## Data shown
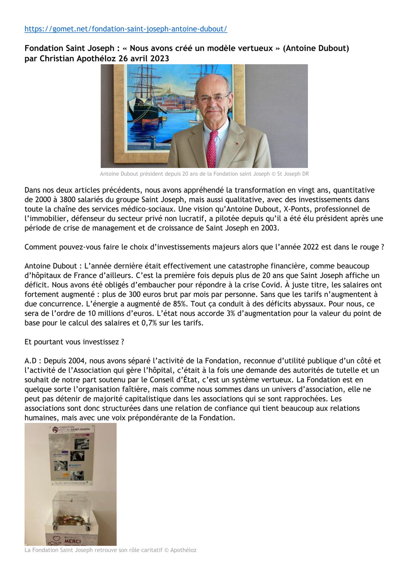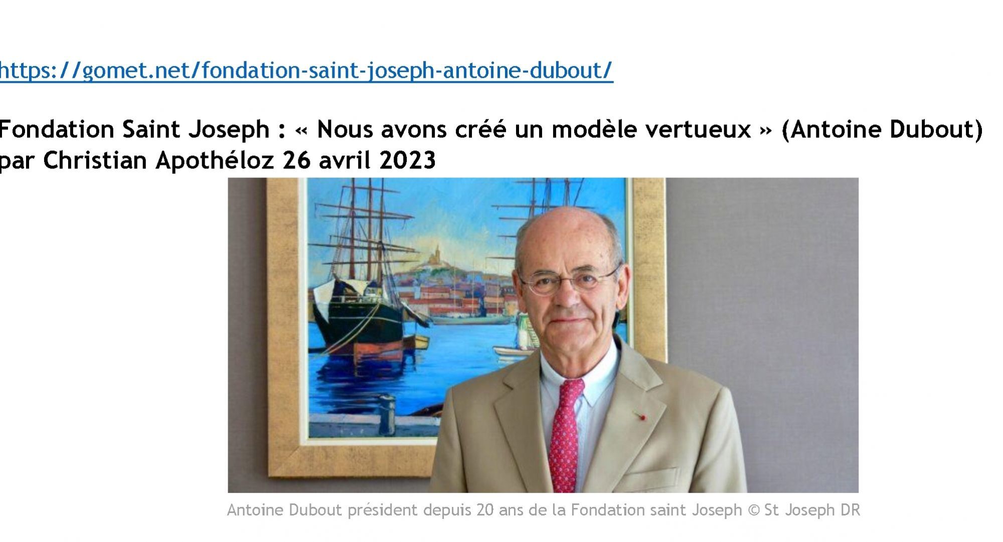 Fondation Saint Joseph : " Nous avons créé un modèle vertueux " (Antoine Dubout) : Gomet .net - 26/04/2023 Dernière modification : 20 novembre 2023 Fondation Saint Joseph : " Nous avons créé un modèle vertueux " (Antoine Dubout) : Gomet .net - 26/04/2023 (414.1 Ko)
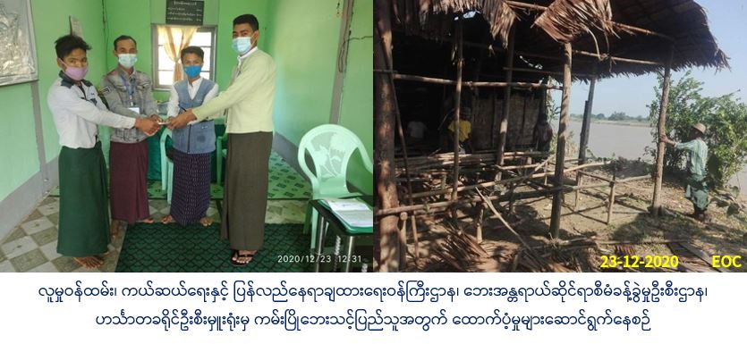 လူမှုဝန်ထမ်း၊ ကယ်ဆယ်ရေးနှင့် ပြန်လည်နေရာချထားရေးဝန်ကြီးဌာန၊ ဘေးအန္တရာယ်ဆိုင်ရာစီမံခန့်ခွဲမှုဦးစီးဌာန၊ ဟင်္သာတခရိုင်ဦးစီးမှူးရုံးမှ တာဝန်ရှိသူများသည် (၂၁-၁၂-၂၀၂၀) ရက်နေ့၌ ဟင်္သာတခရိုင်၊ လေးမျက်နှာမြို့နယ်၊ ယင်းဆယ် အုပ်စု၊ ယင်းဆယ်ကျေးရွာတွင် ဖြစ်ပွားခဲ့သော ကမ်းပြိုဘေးကြောင့် ကြိုတင်ရွှေ့ပြောင်းခဲ့ရသော အိမ်ခြေ(၁)လုံးအတွက် အိမ်ဆောက်ပစ္စည်းဖိုးထောက်ပံ့ငွေ (၁၀၀၀၀၀/-)ကျပ်၊ လူဦးရေ(၆)ဦးအတွက် ဆန်ရိက္ခာ(၇)ရက်စာဖိုးထောက်ပံ့ငွေ (၁၂၆၀၀/-) ကျပ်တို့ကို (၂၃-၁၂-၂၀၂၀) ရက်နေ့၊ (၁၂:၃၀) နာရီအချိန်တွင် လေးမျက်နှာမြို့နယ်၊ အထွေထွေအုပ်ချုပ်ရေးဦးစီးဌာန၌ သက်ဆိုင်ရာတာဝန်ရှိသူများနှင့်အတူ ဘေးသင့်ပြည်သူများလက်ဝယ်သို့အရောက် ထောက်ပံ့ပေးအပ်ခဲ့ပါကြောင်း သတင်းရရှိပါ သည်။
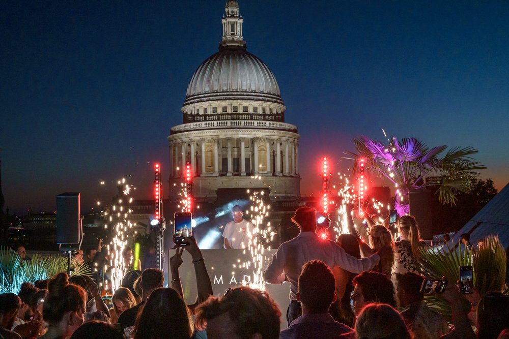 Enjoy rooftop views and a line-up of DJs and live artists at Madison. Our monthly schedule showcases daytime sets, sunset sessions and late-night performances, updated each month with the latest acts.
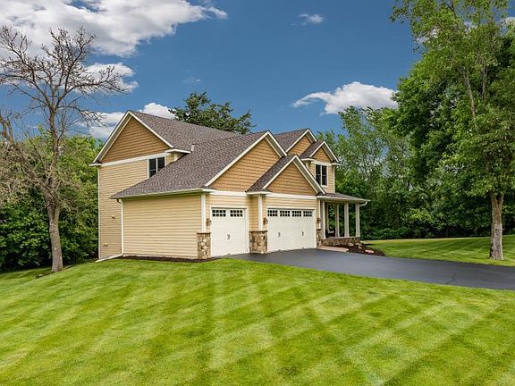 This stunning 5 bedroom, 4 bath, two story executive home is located on a .5 acre lot with a neighboring .9 acre lot also for sale. This home is nestled among trees for privacy and is perfect for entertaining both inside and out! Outside, relax on the wrap around front porch, or the private backyard deck or patio. Step inside to the main level featuring an open floor plan with oversized windows. Kitchen includes a granite center island with breakfast bar, stainless steel appliances and hardwood floors. Upper level includes 4 bedrooms, laundry room with a sink for convenience, as well as a built in desk work area. Master bath includes separate tub and shower and dual sinks. Living rooms on the main and lower level feature gas fireplaces surrounded by beautiful stone. Lower level includes a wet bar, a 5th bedroom, 3/4 bath and exercise/flex room. Step onto the beautiful stamped patio to enjoy the wooded backyard and just steps away from the Dakota Rail Regional Trail for biking.
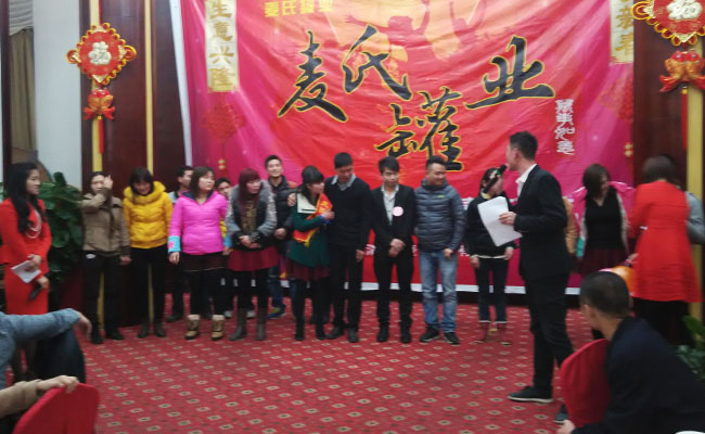 歷屆晚會一般分領導致辭、員工表彰和文藝演出三部分進行,今年也不例外。晚會在麥氏總經理麥劍鋒先生和豐兆集團董事長麥志強先生的新年賀詞并祝酒中揭開帷幕。接下來,表彰優秀員工和節目表演一一進行。晚會上舞蹈、歌曲等節目精彩紛呈,各種晚會活動及游戲調動著現場火爆持久的氣氛,將晚會引入一個又一個的高潮。
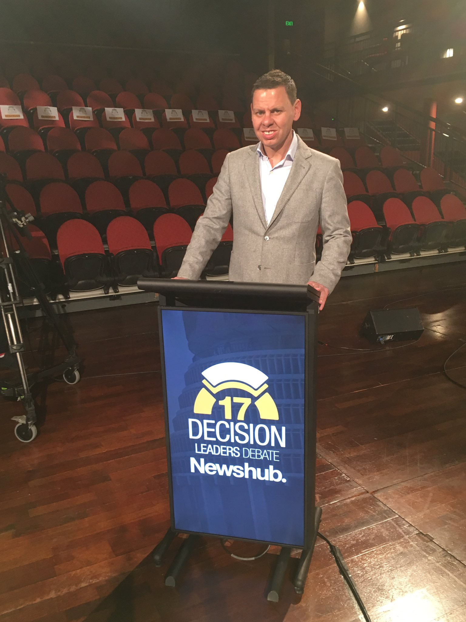 Newshub Political Editor Patrick Gower getting ready for tonight’s Newshub Leaders Debate, LIVE from the Vodafone Events Centre in Auckland. (from Lisa Owen/Twitter)

## Requirement
Using the data above, return the lines from the one holding "လူမှုဝန်ထမ်း၊ ကယ်ဆယ်ရေးနှင့် ပြန်လည်နေရာချထားရေးဝန်ကြီးဌာန၊" through the one holding "歷屆晚會一般分領導致辭、員工" exactly, but not the pictures.

## Answer section
 လူမှုဝန်ထမ်း၊ ကယ်ဆယ်ရေးနှင့် ပြန်လည်နေရာချထားရေးဝန်ကြီးဌာန၊ ဘေးအန္တရာယ်ဆိုင်ရာစီမံခန့်ခွဲမှုဦးစီးဌာန၊ ဟင်္သာတခရိုင်ဦးစီးမှူးရုံးမှ တာဝန်ရှိသူများသည် (၂၁-၁၂-၂၀၂၀) ရက်နေ့၌ ဟင်္သာတခရိုင်၊ လေးမျက်နှာမြို့နယ်၊ ယင်းဆယ် အုပ်စု၊ ယင်းဆယ်ကျေးရွာတွင် ဖြစ်ပွားခဲ့သော ကမ်းပြိုဘေးကြောင့် ကြိုတင်ရွှေ့ပြောင်းခဲ့ရသော အိမ်ခြေ(၁)လုံးအတွက် အိမ်ဆောက်ပစ္စည်းဖိုးထောက်ပံ့ငွေ (၁၀၀၀၀၀/-)ကျပ်၊ လူဦးရေ(၆)ဦးအတွက် ဆန်ရိက္ခာ(၇)ရက်စာဖိုးထောက်ပံ့ငွေ (၁၂၆၀၀/-) ကျပ်တို့ကို (၂၃-၁၂-၂၀၂၀) ရက်နေ့၊ (၁၂:၃၀) နာရီအချိန်တွင် လေးမျက်နှာမြို့နယ်၊ အထွေထွေအုပ်ချုပ်ရေးဦးစီးဌာန၌ သက်ဆိုင်ရာတာဝန်ရှိသူများနှင့်အတူ ဘေးသင့်ပြည်သူများလက်ဝယ်သို့အရောက် ထောက်ပံ့ပေးအပ်ခဲ့ပါကြောင်း သတင်းရရှိပါ သည်။
 Enjoy rooftop views and a line-up of DJs and live artists at Madison. Our monthly schedule showcases daytime sets, sunset sessions and late-night performances, updated each month with the latest acts.
 This stunning 5 bedroom, 4 bath, two story executive home is located on a .5 acre lot with a neighboring .9 acre lot also for sale. This home is nestled among trees for privacy and is perfect for entertaining both inside and out! Outside, relax on the wrap around front porch, or the private backyard deck or patio. Step inside to the main level featuring an open floor plan with oversized windows. Kitchen includes a granite center island with breakfast bar, stainless steel appliances and hardwood floors. Upper level includes 4 bedrooms, laundry room with a sink for convenience, as well as a built in desk work area. Master bath includes separate tub and shower and dual sinks. Living rooms on the main and lower level feature gas fireplaces surrounded by beautiful stone. Lower level includes a wet bar, a 5th bedroom, 3/4 bath and exercise/flex room. Step onto the beautiful stamped patio to enjoy the wooded backyard and just steps away from the Dakota Rail Regional Trail for biking.
 歷屆晚會一般分領導致辭、員工表彰和文藝演出三部分進行,今年也不例外。晚會在麥氏總經理麥劍鋒先生和豐兆集團董事長麥志強先生的新年賀詞并祝酒中揭開帷幕。接下來,表彰優秀員工和節目表演一一進行。晚會上舞蹈、歌曲等節目精彩紛呈,各種晚會活動及游戲調動著現場火爆持久的氣氛,將晚會引入一個又一個的高潮。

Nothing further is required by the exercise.